(WHAT YOU ARE ASKED TO DO)
Copy the lines below exactly. No picture goes into the copy.

(COLLECTED MATERIAL)

.....

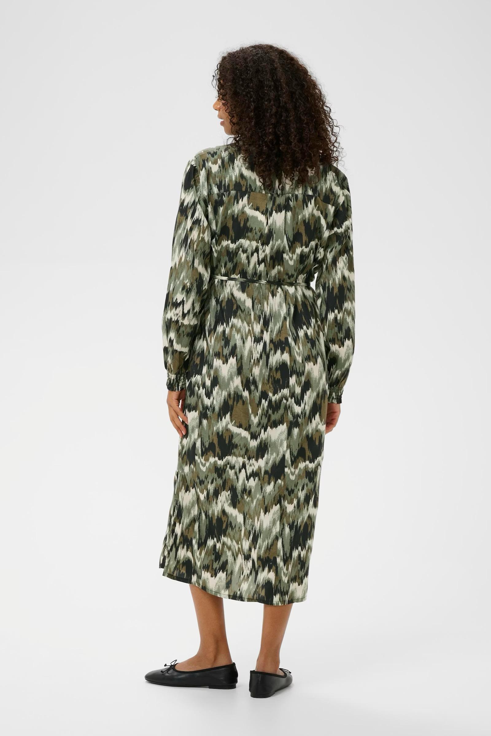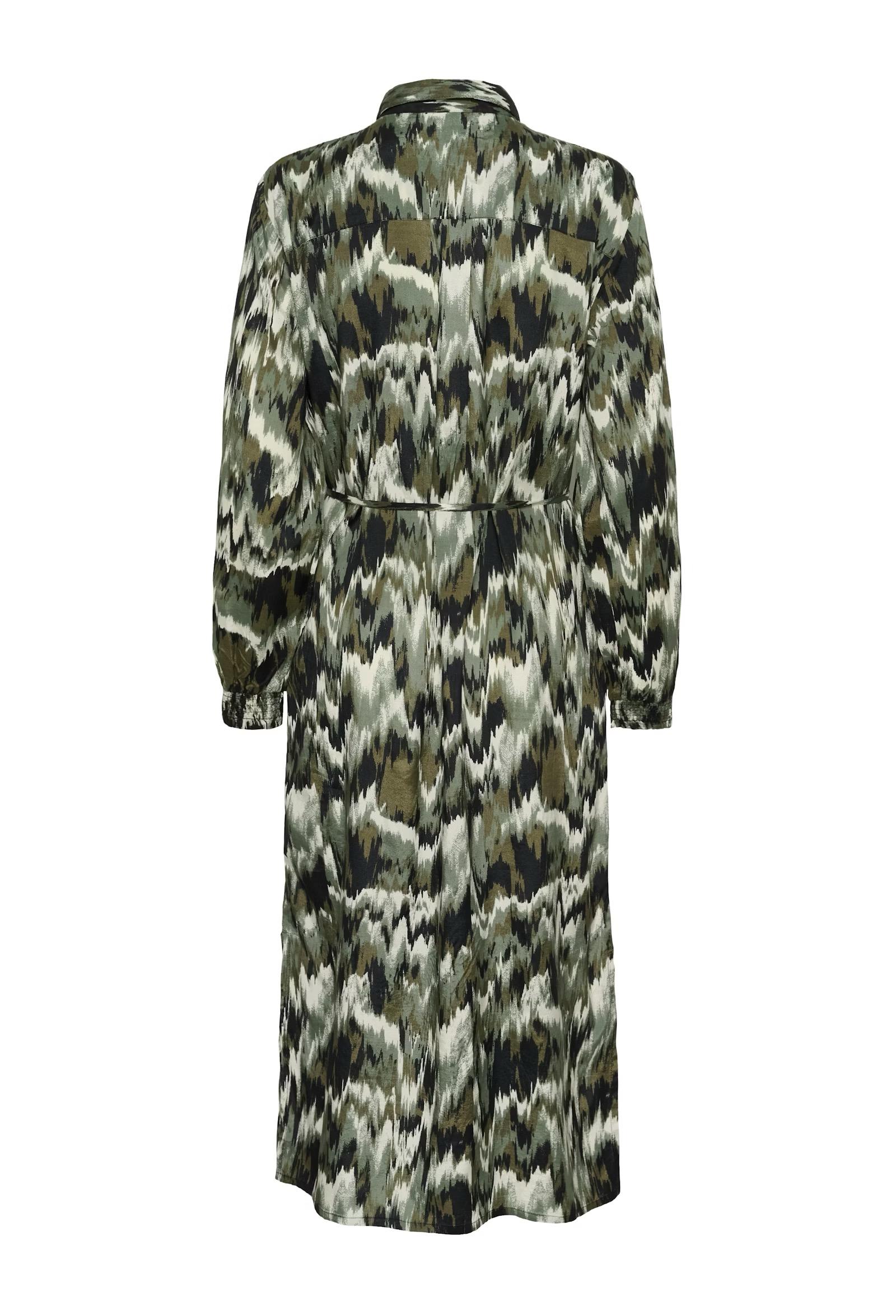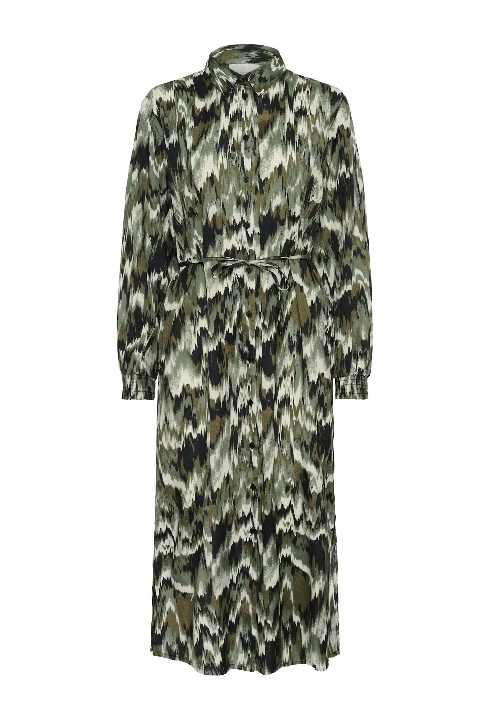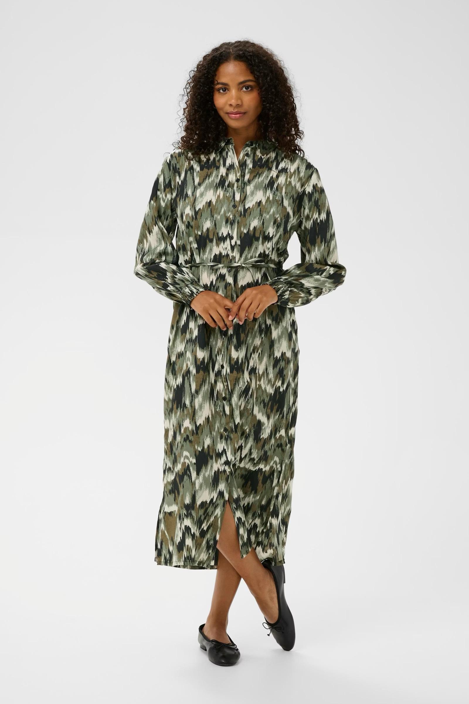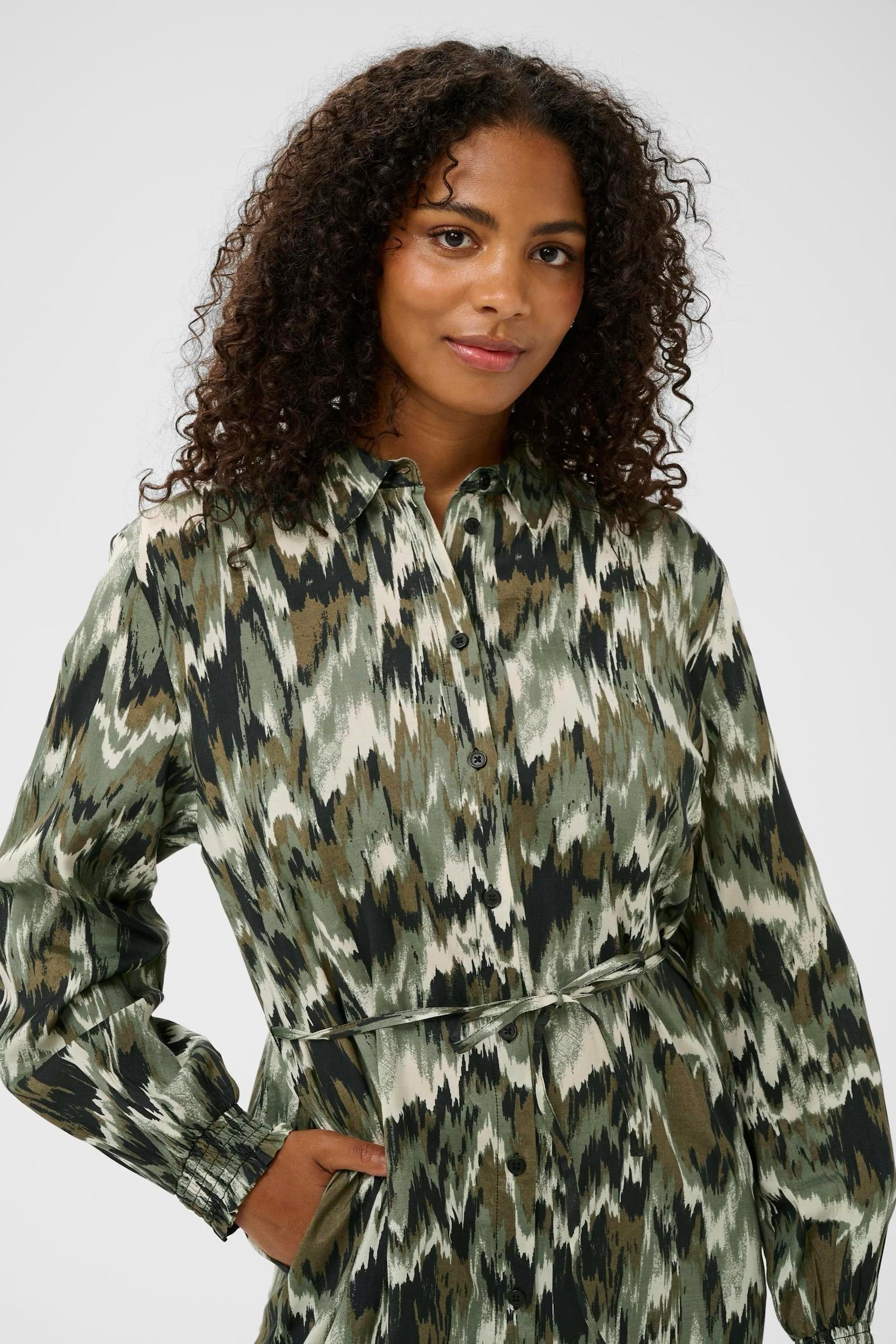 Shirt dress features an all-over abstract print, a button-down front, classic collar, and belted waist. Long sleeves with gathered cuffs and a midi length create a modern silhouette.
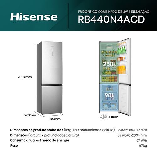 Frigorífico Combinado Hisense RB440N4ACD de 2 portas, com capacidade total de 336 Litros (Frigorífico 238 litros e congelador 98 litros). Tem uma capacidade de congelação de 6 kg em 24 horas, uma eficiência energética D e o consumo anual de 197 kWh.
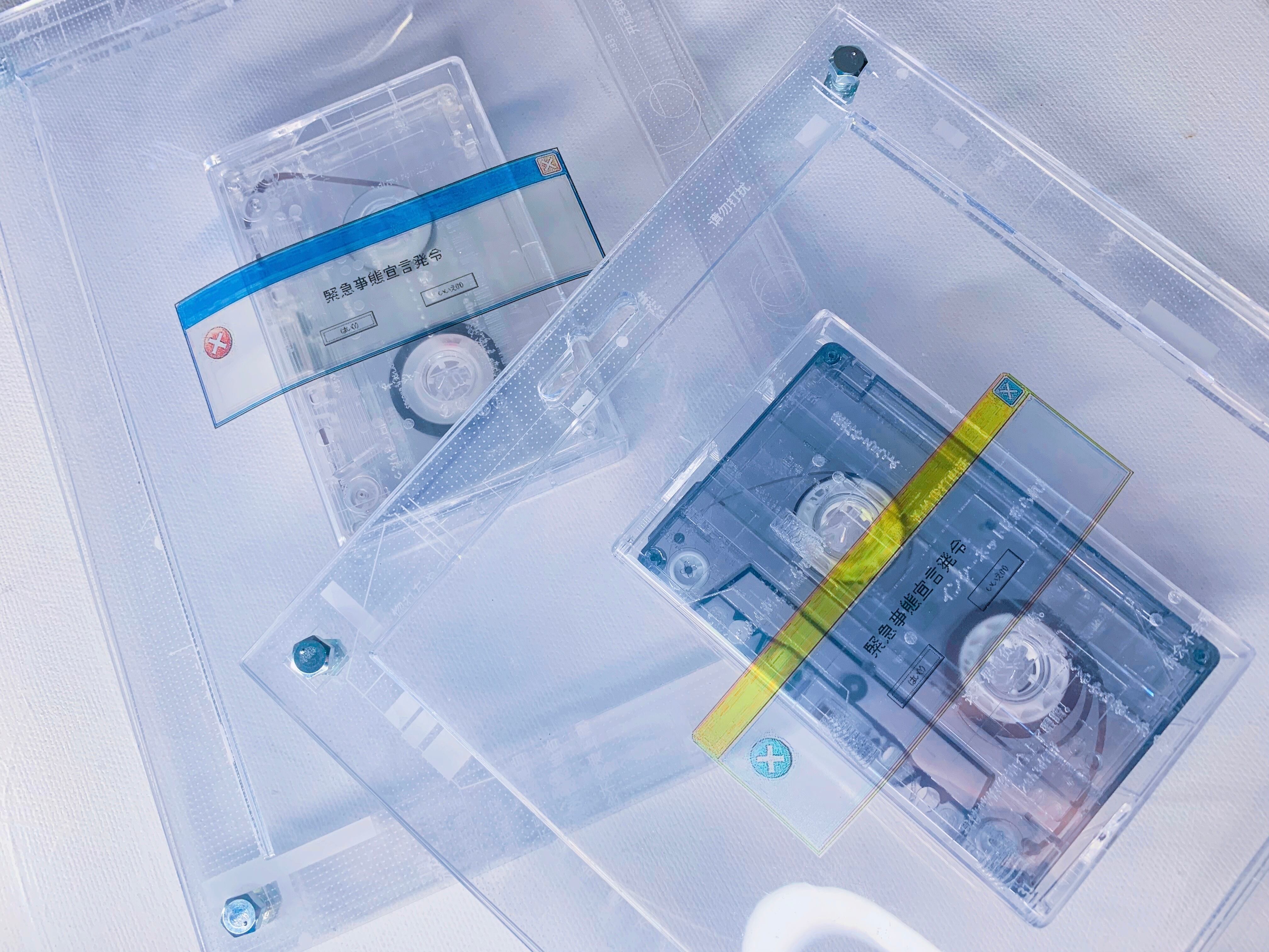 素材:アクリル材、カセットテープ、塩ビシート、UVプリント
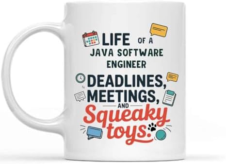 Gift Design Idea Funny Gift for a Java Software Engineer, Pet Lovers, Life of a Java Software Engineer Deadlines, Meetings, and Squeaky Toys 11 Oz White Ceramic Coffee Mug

.....

(WRITTEN SOLUTION)
 Shirt dress features an all-over abstract print, a button-down front, classic collar, and belted waist. Long sleeves with gathered cuffs and a midi length create a modern silhouette.
 Frigorífico Combinado Hisense RB440N4ACD de 2 portas, com capacidade total de 336 Litros (Frigorífico 238 litros e congelador 98 litros). Tem uma capacidade de congelação de 6 kg em 24 horas, uma eficiência energética D e o consumo anual de 197 kWh.
 素材:アクリル材、カセットテープ、塩ビシート、UVプリント
 Gift Design Idea Funny Gift for a Java Software Engineer, Pet Lovers, Life of a Java Software Engineer Deadlines, Meetings, and Squeaky Toys 11 Oz White Ceramic Coffee Mug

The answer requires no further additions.